**RECORDED INFORMATION:**
BEGIN
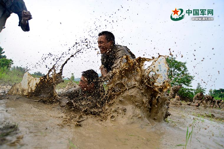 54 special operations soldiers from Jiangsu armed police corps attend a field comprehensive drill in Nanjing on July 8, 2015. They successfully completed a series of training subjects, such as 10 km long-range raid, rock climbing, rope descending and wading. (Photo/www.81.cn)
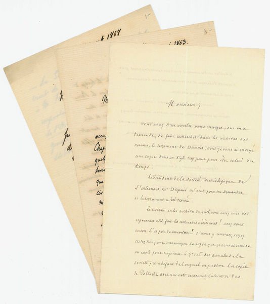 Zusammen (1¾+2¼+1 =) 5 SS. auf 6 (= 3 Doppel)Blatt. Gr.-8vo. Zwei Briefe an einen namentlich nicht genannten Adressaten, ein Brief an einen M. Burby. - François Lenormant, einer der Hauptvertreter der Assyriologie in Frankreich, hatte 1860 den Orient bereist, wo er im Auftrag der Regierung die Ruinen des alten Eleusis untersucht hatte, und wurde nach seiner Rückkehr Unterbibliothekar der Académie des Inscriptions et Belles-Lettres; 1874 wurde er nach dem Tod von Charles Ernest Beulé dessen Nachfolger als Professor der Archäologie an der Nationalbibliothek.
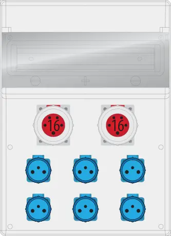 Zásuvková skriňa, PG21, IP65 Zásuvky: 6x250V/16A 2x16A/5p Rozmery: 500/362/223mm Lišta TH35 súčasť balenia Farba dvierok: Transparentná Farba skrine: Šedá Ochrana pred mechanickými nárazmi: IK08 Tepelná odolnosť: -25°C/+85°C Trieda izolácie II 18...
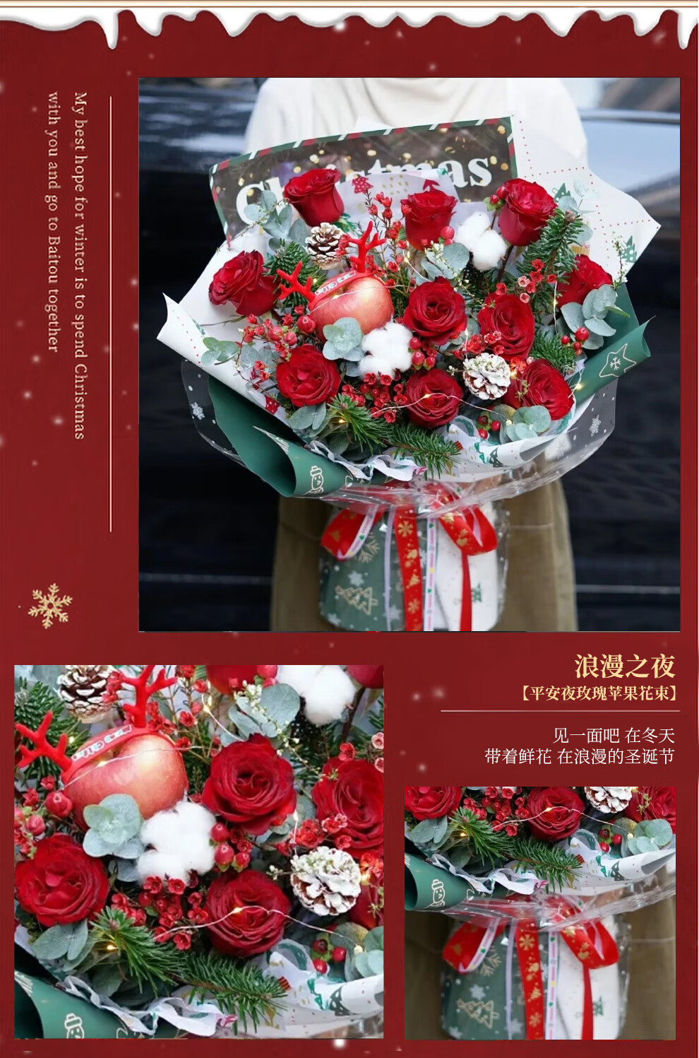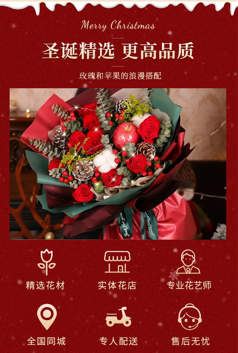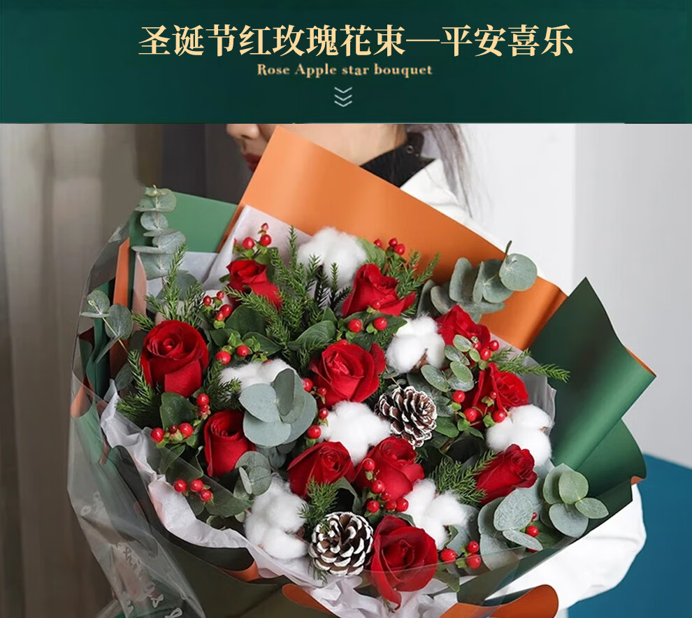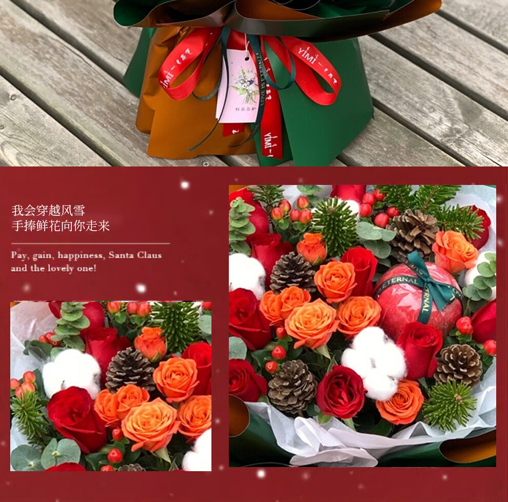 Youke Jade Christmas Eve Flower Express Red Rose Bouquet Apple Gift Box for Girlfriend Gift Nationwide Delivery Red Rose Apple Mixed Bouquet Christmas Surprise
END
**PROBLEM STATEMENT:** Before writing out the material above, please remove its pictures; everything else stays exact.

**ANSWER SPACE:**
 54 special operations soldiers from Jiangsu armed police corps attend a field comprehensive drill in Nanjing on July 8, 2015. They successfully completed a series of training subjects, such as 10 km long-range raid, rock climbing, rope descending and wading. (Photo/www.81.cn)
 Zusammen (1¾+2¼+1 =) 5 SS. auf 6 (= 3 Doppel)Blatt. Gr.-8vo. Zwei Briefe an einen namentlich nicht genannten Adressaten, ein Brief an einen M. Burby. - François Lenormant, einer der Hauptvertreter der Assyriologie in Frankreich, hatte 1860 den Orient bereist, wo er im Auftrag der Regierung die Ruinen des alten Eleusis untersucht hatte, und wurde nach seiner Rückkehr Unterbibliothekar der Académie des Inscriptions et Belles-Lettres; 1874 wurde er nach dem Tod von Charles Ernest Beulé dessen Nachfolger als Professor der Archäologie an der Nationalbibliothek.
 Zásuvková skriňa, PG21, IP65 Zásuvky: 6x250V/16A 2x16A/5p Rozmery: 500/362/223mm Lišta TH35 súčasť balenia Farba dvierok: Transparentná Farba skrine: Šedá Ochrana pred mechanickými nárazmi: IK08 Tepelná odolnosť: -25°C/+85°C Trieda izolácie II 18...
 Youke Jade Christmas Eve Flower Express Red Rose Bouquet Apple Gift Box for Girlfriend Gift Nationwide Delivery Red Rose Apple Mixed Bouquet Christmas Surprise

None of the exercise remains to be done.